§ WHAT IS BEING ASKED:
Output all the entries word for word. Omit the pictures.

§ DATA:
# # #
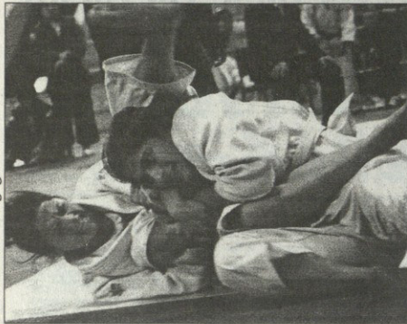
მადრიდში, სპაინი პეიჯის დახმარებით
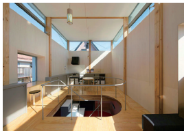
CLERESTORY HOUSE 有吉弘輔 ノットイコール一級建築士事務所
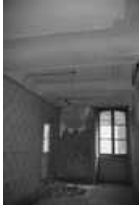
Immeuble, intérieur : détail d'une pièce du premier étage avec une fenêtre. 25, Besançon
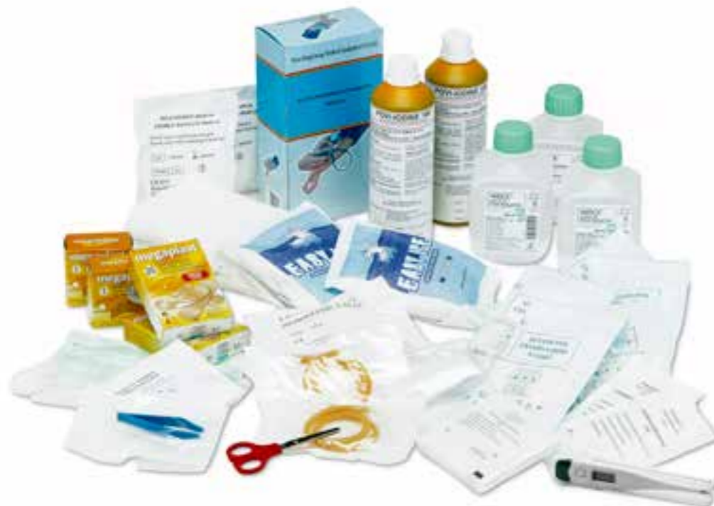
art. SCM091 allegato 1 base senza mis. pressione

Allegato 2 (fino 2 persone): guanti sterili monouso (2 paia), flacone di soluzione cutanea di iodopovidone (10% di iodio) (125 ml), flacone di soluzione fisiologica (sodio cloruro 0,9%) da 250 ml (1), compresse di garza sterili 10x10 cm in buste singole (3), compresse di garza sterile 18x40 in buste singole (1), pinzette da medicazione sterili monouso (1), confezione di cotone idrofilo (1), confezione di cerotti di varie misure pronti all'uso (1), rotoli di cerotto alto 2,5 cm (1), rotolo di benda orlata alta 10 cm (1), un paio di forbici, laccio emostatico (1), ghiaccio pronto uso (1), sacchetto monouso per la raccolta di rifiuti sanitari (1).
# # #
§ REPLY:
მადრიდში, სპაინი პეიჯის დახმარებით
CLERESTORY HOUSE 有吉弘輔 ノットイコール一級建築士事務所
Immeuble, intérieur : détail d'une pièce du premier étage avec une fenêtre. 25, Besançon
art. SCM091 allegato 1 base senza mis. pressione

Allegato 2 (fino 2 persone): guanti sterili monouso (2 paia), flacone di soluzione cutanea di iodopovidone (10% di iodio) (125 ml), flacone di soluzione fisiologica (sodio cloruro 0,9%) da 250 ml (1), compresse di garza sterili 10x10 cm in buste singole (3), compresse di garza sterile 18x40 in buste singole (1), pinzette da medicazione sterili monouso (1), confezione di cotone idrofilo (1), confezione di cerotti di varie misure pronti all'uso (1), rotoli di cerotto alto 2,5 cm (1), rotolo di benda orlata alta 10 cm (1), un paio di forbici, laccio emostatico (1), ghiaccio pronto uso (1), sacchetto monouso per la raccolta di rifiuti sanitari (1).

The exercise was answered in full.